→ **Description of the task**
From the first line to the last, repeat the data exactly and drop the pictures.

BEGIN Extracted entries

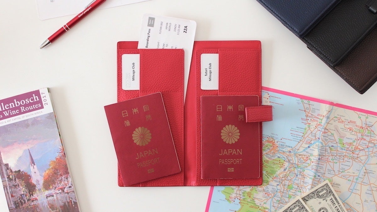 futari passportは、二人分のパスポート・搭乗券・カード類などあらゆる渡航書類一式をひとつにまとめて収納できます。
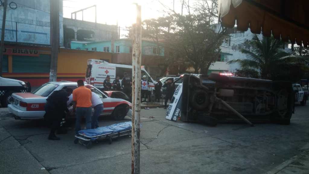 El oficial conductor de la patrulla quiso evitar el golpe por la intrusión del taxista pero no se pudo: terminó volcado con todo y camioneta con policías tras el fuerte choque.
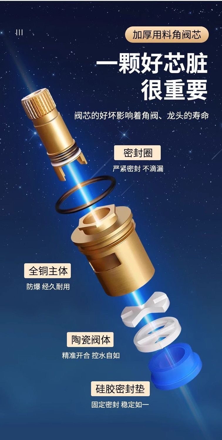 Универсальный сердечник крана из меди, 4 точки, быстрого открытия, треугольный клапан, керамические аксессуары для холодной и горячей воды
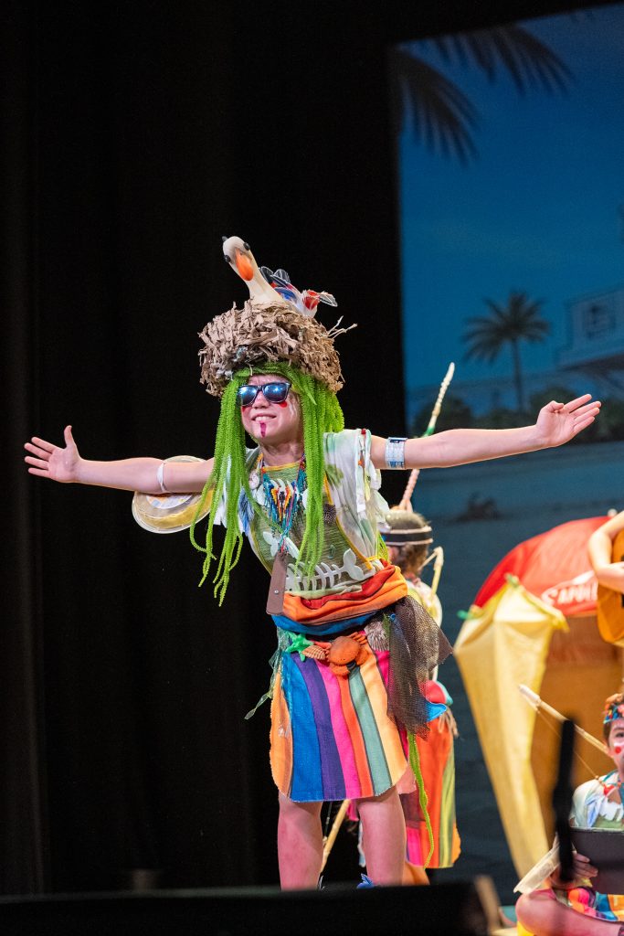 El tipo volvió a ser uno de los grandes reclamos de la actuación. La chirigota se presentó como una tribu caletera, con un vestuario muy elaborado y repleto de detalles reconocibles. Las plumas del tocado incluían fichas de parchís y de lotería, elementos elaborados por las propias familias, que aportaron un componente artesanal y familiar al conjunto. A ello se sumaron referencias constantes a la vida diaria en la playa, con cubos, patatas fritas, gaviotas y símbolos del Carnaval de Cádiz que reforzaron la identidad del grupo desde la presentación.
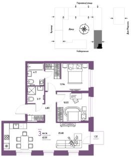 Продается 3комнатная квартира на 2 этаже от застройщика Страна Девелопмент. Площадь квартиры 64,16 кв. м. Стоимость указана без учета акций.
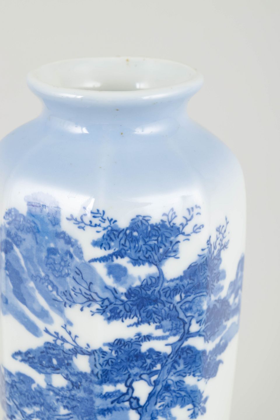 Elegant, håndmalet porcelæns­vase i lyseblå glasur med dekoration af blå træer i klassisk kinesisk stil. Fin, slank form med smal hals og blød overgang til korpus.
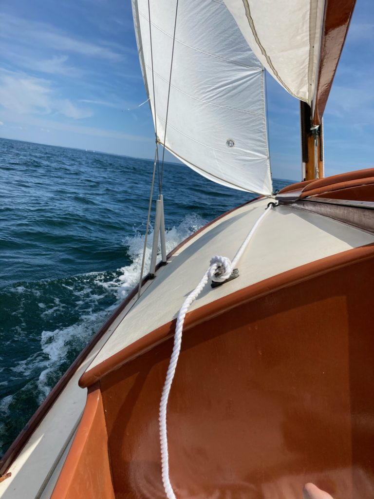 This boat is also small enough in footprint to be a very manageable boat both on the water and out, but big enough to feel like a real boat when moving through the water. A pickup truck can tow her from the boat yard and you can rig her over the course of a single lazy afternoon. While it’s usually more enjoyable to have the company of a few friends and a couple of dogs, sailing singlehanded is also very doable.

END Extracted entries

→ **Result below**
 futari passportは、二人分のパスポート・搭乗券・カード類などあらゆる渡航書類一式をひとつにまとめて収納できます。
 El oficial conductor de la patrulla quiso evitar el golpe por la intrusión del taxista pero no se pudo: terminó volcado con todo y camioneta con policías tras el fuerte choque.
 Универсальный сердечник крана из меди, 4 точки, быстрого открытия, треугольный клапан, керамические аксессуары для холодной и горячей воды
 El tipo volvió a ser uno de los grandes reclamos de la actuación. La chirigota se presentó como una tribu caletera, con un vestuario muy elaborado y repleto de detalles reconocibles. Las plumas del tocado incluían fichas de parchís y de lotería, elementos elaborados por las propias familias, que aportaron un componente artesanal y familiar al conjunto. A ello se sumaron referencias constantes a la vida diaria en la playa, con cubos, patatas fritas, gaviotas y símbolos del Carnaval de Cádiz que reforzaron la identidad del grupo desde la presentación.
 Продается 3комнатная квартира на 2 этаже от застройщика Страна Девелопмент. Площадь квартиры 64,16 кв. м. Стоимость указана без учета акций.
 Elegant, håndmalet porcelæns­vase i lyseblå glasur med dekoration af blå træer i klassisk kinesisk stil. Fin, slank form med smal hals og blød overgang til korpus.
 This boat is also small enough in footprint to be a very manageable boat both on the water and out, but big enough to feel like a real boat when moving through the water. A pickup truck can tow her from the boat yard and you can rig her over the course of a single lazy afternoon. While it’s usually more enjoyable to have the company of a few friends and a couple of dogs, sailing singlehanded is also very doable.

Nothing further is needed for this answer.